The skill also manages the agent's memory system — daily logs, user preferences, and knowledge retention.

Memory Architecture (借鉴 Hermes Agent 三层设计)

┌─────────────────────────────────────────────────────────┐
│              THREE-LAYER MEMORY ARCHITECTURE             │
├──────────────┬──────────────────┬───────────────────────┤
│  L1: Session │  L2: Persistent  │  L3: User Model       │
│  Context     │  Store           │  Preferences          │
│──────────────┼──────────────────┼───────────────────────┤
│  memory/     │  MEMORY.md       │  memory/              │
│  sessions/   │  memory/*.md     │  preferences.json     │
│  (session    │  memory/skills/  │  USER.md              │
│   summaries) │  (generated      │                       │
│              │   skills)        │                       │
└──────────────┴──────────────────┴───────────────────────┘

L1 — 会话上下文
  存储: memory/sessions/YYYY-MM-DD-NNN.md
  内容: 每次会话的摘要（做了什么、学到了什么、用户说了什么）
  生命周期: 自动归档到 memory/YYYY-MM-DD.md，长期保留

L2 — 持久存储
  存储: MEMORY.md（蒸馏知识）+ memory/*.md（原始日志）+ memory/skills/（自动生成技能）
  内容: 完成的任务结果、经验教训、可复用技能文件
  生命周期: 永久保留，MEMORY.md 定期蒸馏

L3 — 用户模型
  存储: memory/preferences.json + USER.md
  内容: 用户偏好、沟通风格、技术背景、兴趣、已知痛点
  生命周期: 持续更新，漂移调整

Inspiration: Nous Research Hermes Agent 三层记忆架构。SQLite + FTS5 被我们替换为文件存储（更轻量，适合 OpenClaw）。

Auto-Daily-Log

At the end of each significant task or session, automatically append to memory/YYYY-MM-DD.md:

### ✅ 10:30 - Task description
### ❌ 10:35 - Error: brief description
### 💡 10:40 - Insight: what was learned
### 📌 10:45 - User preference: user said X

Keep entries short (1-2 lines).
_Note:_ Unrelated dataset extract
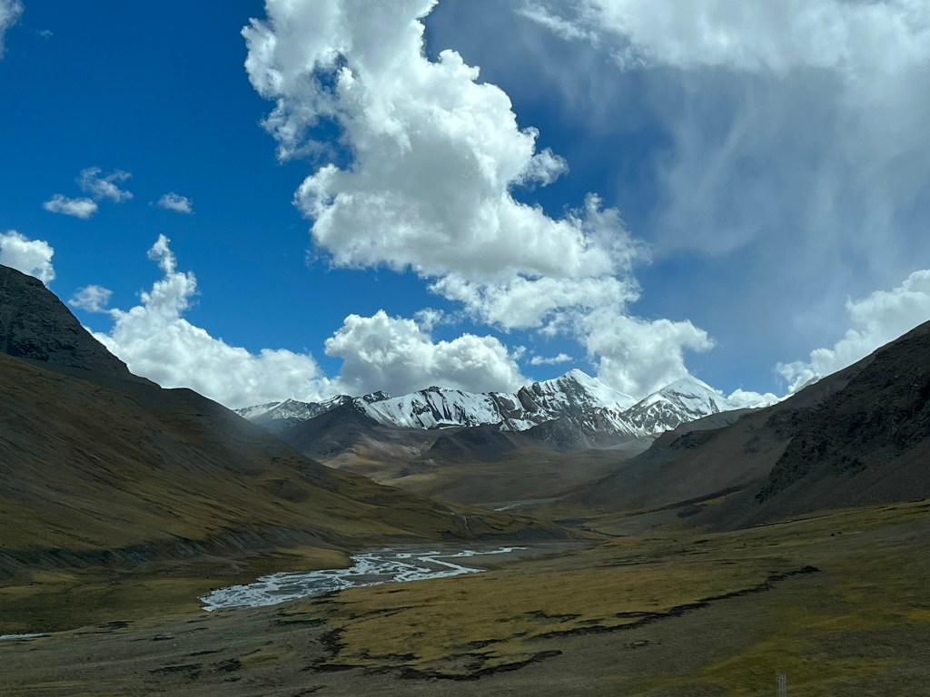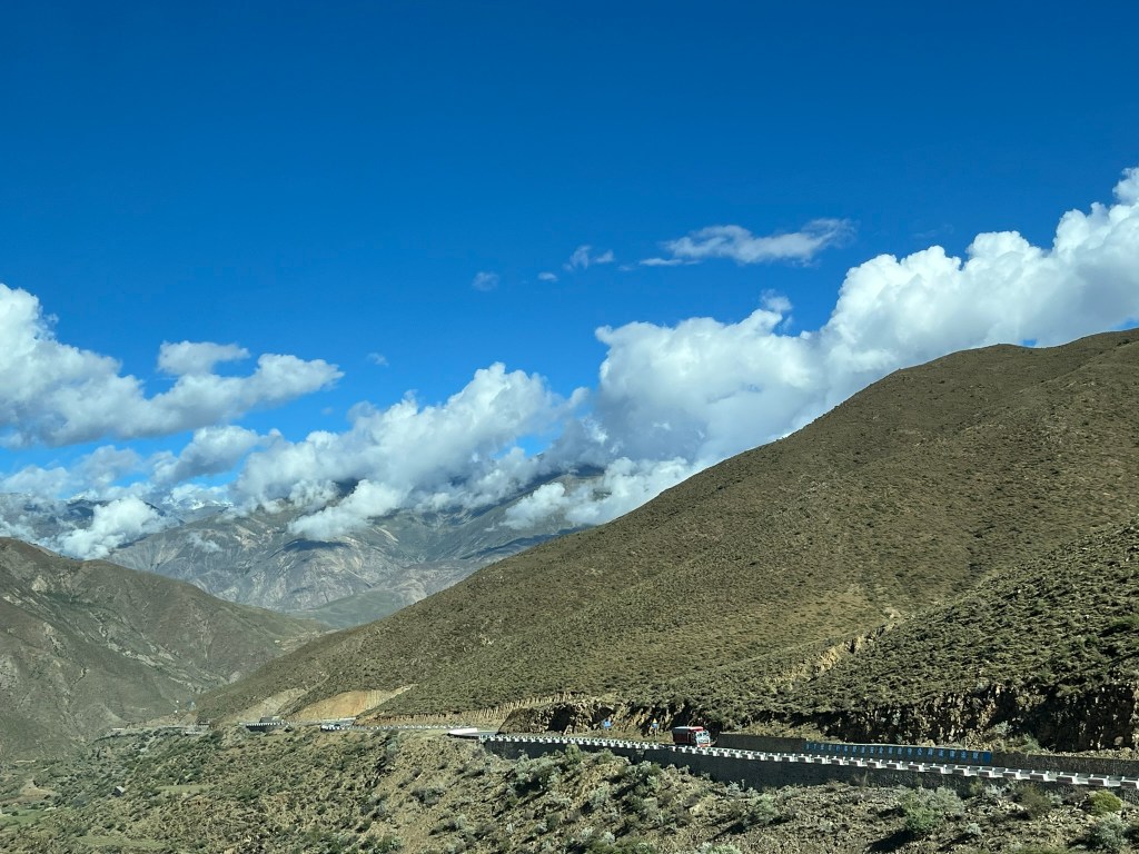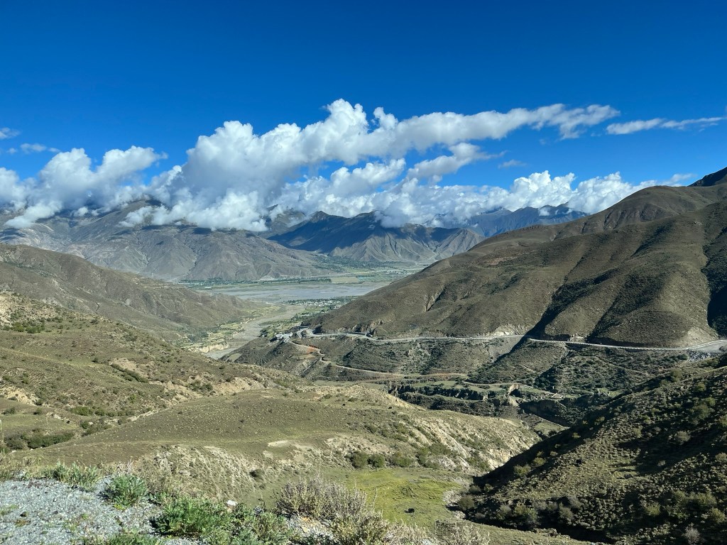 Departing Lhasa took a little longer than expected as there was a half-marathon and many of the main roads were closed for the event. But we eventually left the city and Lhasa Valley behind, crossing the Lhasa River and starting our ascent to Kamba La Pass at 4,794m. The road conditions were great as we slowly wound up along ten’s of switchbacks to the mountain pass and there was a distinct shift to a drier and rockier environment. The view from the top looking down to Lhasa Valley was fantastic.
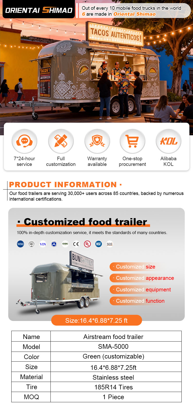 Wir können Food-Catering-Anhänger-Zertifizierungen anbieten: DOT, CE, SGS, SCI, ISO, COC,

Don't log every tool call — only significant events.

Memory Types

Type	Layer	Where	Example
Session summaries	L1	`memory/sessions/*.md`	"2026-05-27 搜了苏超、装了 SearXNG"
Daily logs	L2	`memory/YYYY-MM-DD.md`	"10:30 创建 self-improvement skill"
Distilled principles	L2	`MEMORY.md`	"Simple before powerful"
Auto-generated skills	L2	`memory/skills/*.md`	"SearXNG 部署流程"
User preferences	L3	`memory/preferences.json`	"直接回答，不要解释"
User profile	L3	`USER.md`	"技术背景强，中文沟通"
Structured learning	—	`.learning-trail.json`	所有 LRN/ERR/FEAT 条目

Memory Retention

Memory	Retention	Action
Daily logs	Keep forever	Append-only, never delete
Learning entries	90 days	Auto-resolve pending items after 90d
Verified principles	Keep forever	Part of long-term knowledge
User preferences	Keep until changed	Update when user says otherwise
Tool notes	Keep until outdated	Update when tools change

Memory Search

When user asks "之前说过什么" or "帮我回忆一下":

First check MEMORY.md (distilled knowledge)
Then check USER.md (preferences)
Then grep recent memory/*.md files
Then check .learning-trail.json for structured entries

Memory Flow

会话中
  → 检测到用户偏好 / 知识 / 错误
  → 同时写入 memory/YYYY-MM-DD.md（原始）和 .learning-trail.json（结构化）

会话结束（每次对话结束）
  → 自动生成 L1 会话摘要到 memory/sessions/YYYY-MM-DD-NNN.md
  → 摘要包含：做了什么任务、学到了什么、用户反馈、生成了哪些技能
  → 同时追加到 memory/YYYY-MM-DD.md
  
心跳/空闲
  → 读取 .learning-trail.json 的 patterns
  → 达到阈值的晋升为 MEMORY.md 原则或 memory/preferences.json 偏好
  → 检查是否有值得生成技能的任务（5+ 工具调用）
  
新会话开始
  → MEMORY.md 自动注入上下文
  → .learning-trail.json 的 watchlist 提醒我注意

Auto-Trigger Points

Detection Triggers

Automatically log when you notice:

Corrections → log to LEARNINGS.md (category: correction)

"No, that's not right..."
"Actually, it should be..."
"You're wrong about..."
"That's outdated..."
User explicitly correcting your output

Feature Requests → log to FEATURE_REQUESTS.md

"Can you also..."
"I wish you could..."
"Is there a way to..."
"Why can't you..."

Knowledge Gaps → log to LEARNINGS.md (category: knowledge_gap)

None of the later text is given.